» ACTIVITY
The pictures in the data below are to be omitted; all else must be duplicated exactly.

» SUPPLIED DATA
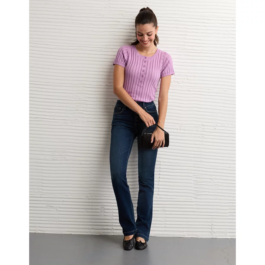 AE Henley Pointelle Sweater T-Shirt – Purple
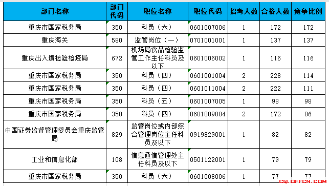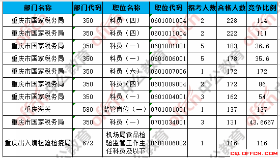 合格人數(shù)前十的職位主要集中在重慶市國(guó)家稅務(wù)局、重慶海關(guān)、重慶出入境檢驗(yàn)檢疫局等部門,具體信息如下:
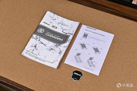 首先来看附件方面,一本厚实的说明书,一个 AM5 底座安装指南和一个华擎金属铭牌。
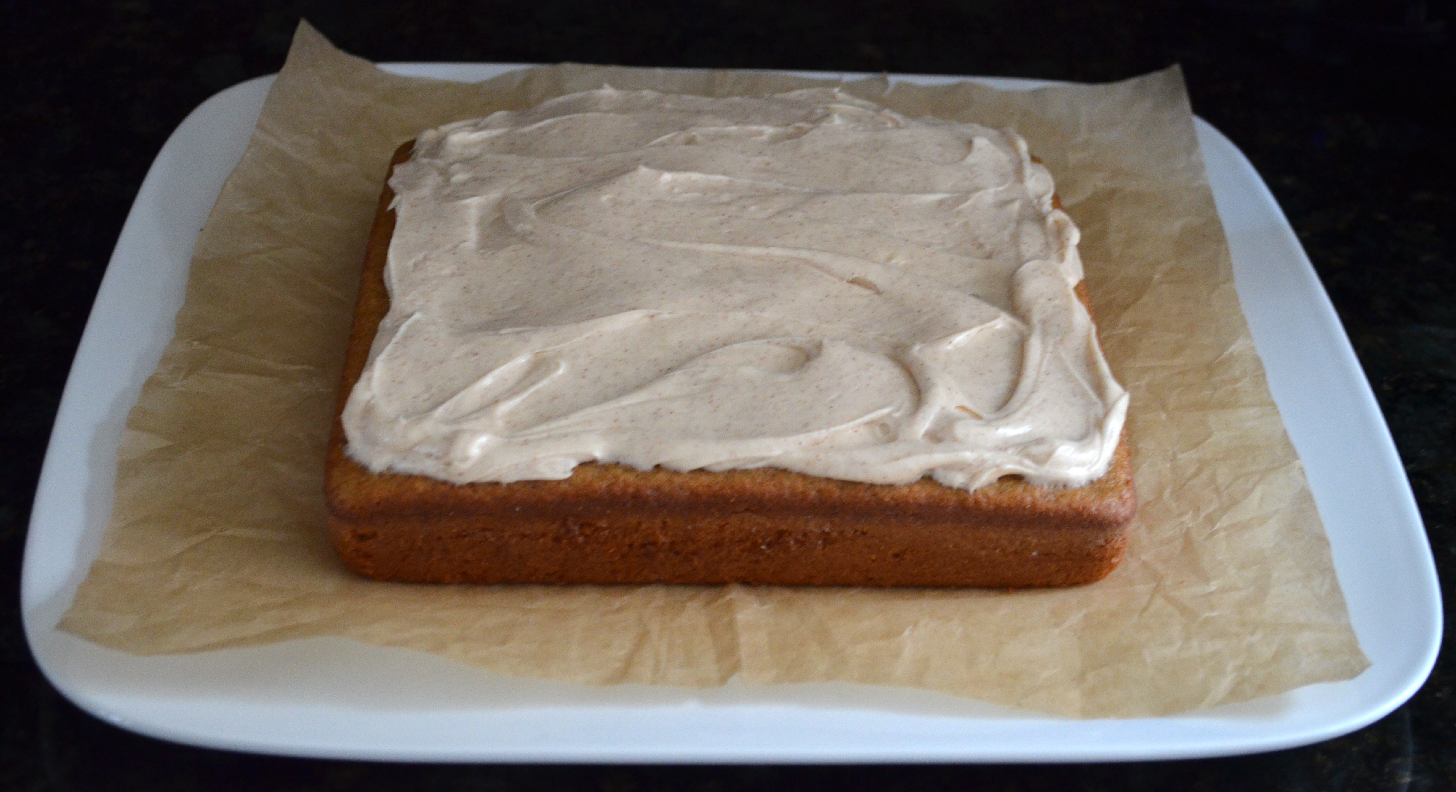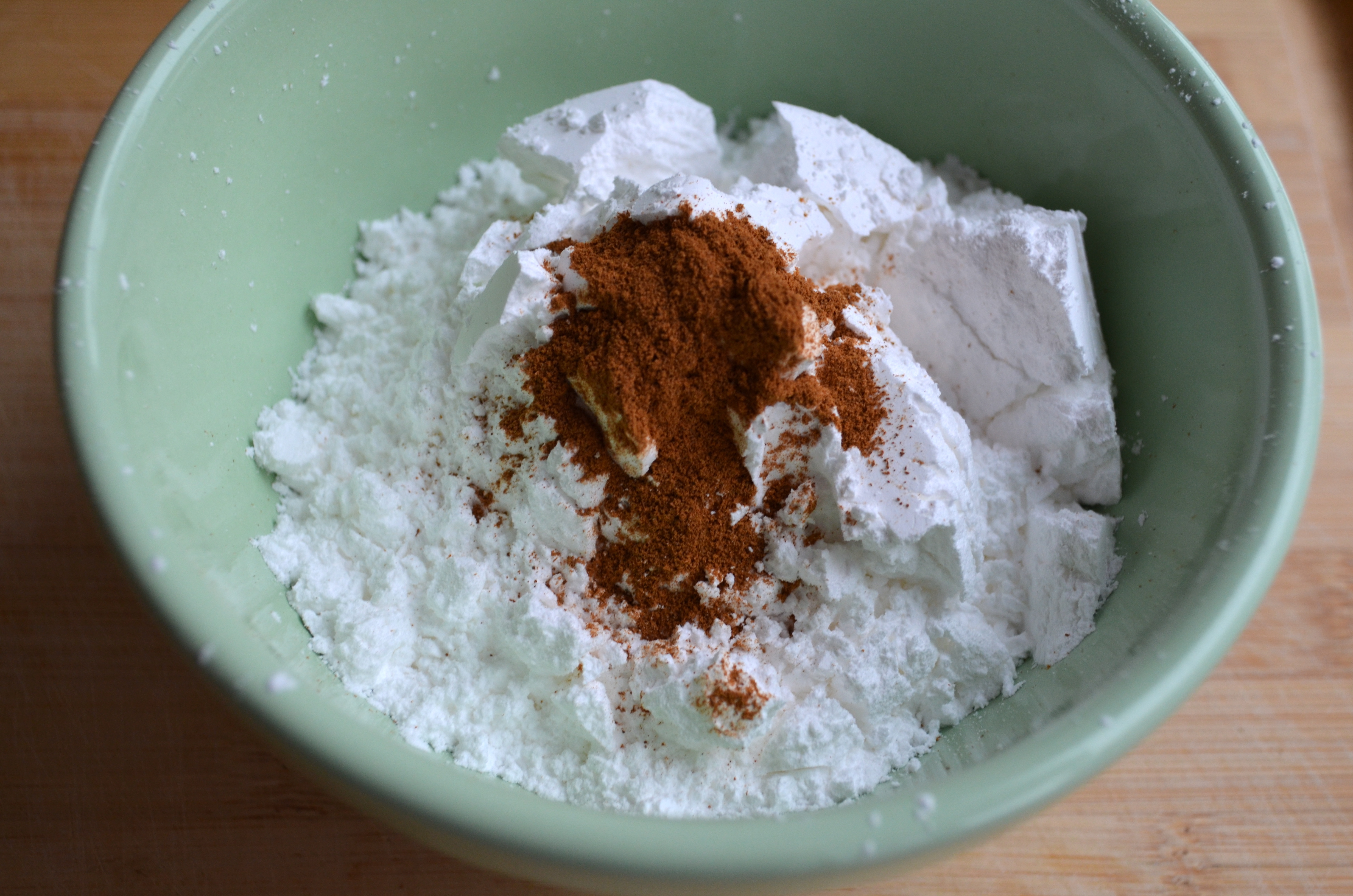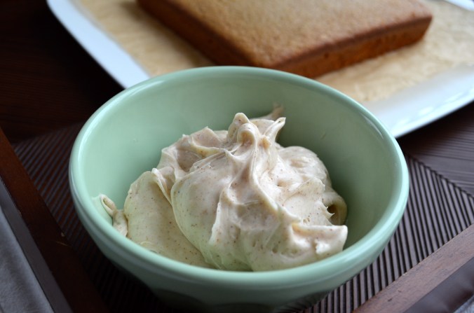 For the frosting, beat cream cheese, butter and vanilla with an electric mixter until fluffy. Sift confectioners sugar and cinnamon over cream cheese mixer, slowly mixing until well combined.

» TASK RESPONSE
 AE Henley Pointelle Sweater T-Shirt – Purple
 合格人數(shù)前十的職位主要集中在重慶市國(guó)家稅務(wù)局、重慶海關(guān)、重慶出入境檢驗(yàn)檢疫局等部門,具體信息如下:
 首先来看附件方面,一本厚实的说明书,一个 AM5 底座安装指南和一个华擎金属铭牌。
 For the frosting, beat cream cheese, butter and vanilla with an electric mixter until fluffy. Sift confectioners sugar and cinnamon over cream cheese mixer, slowly mixing until well combined.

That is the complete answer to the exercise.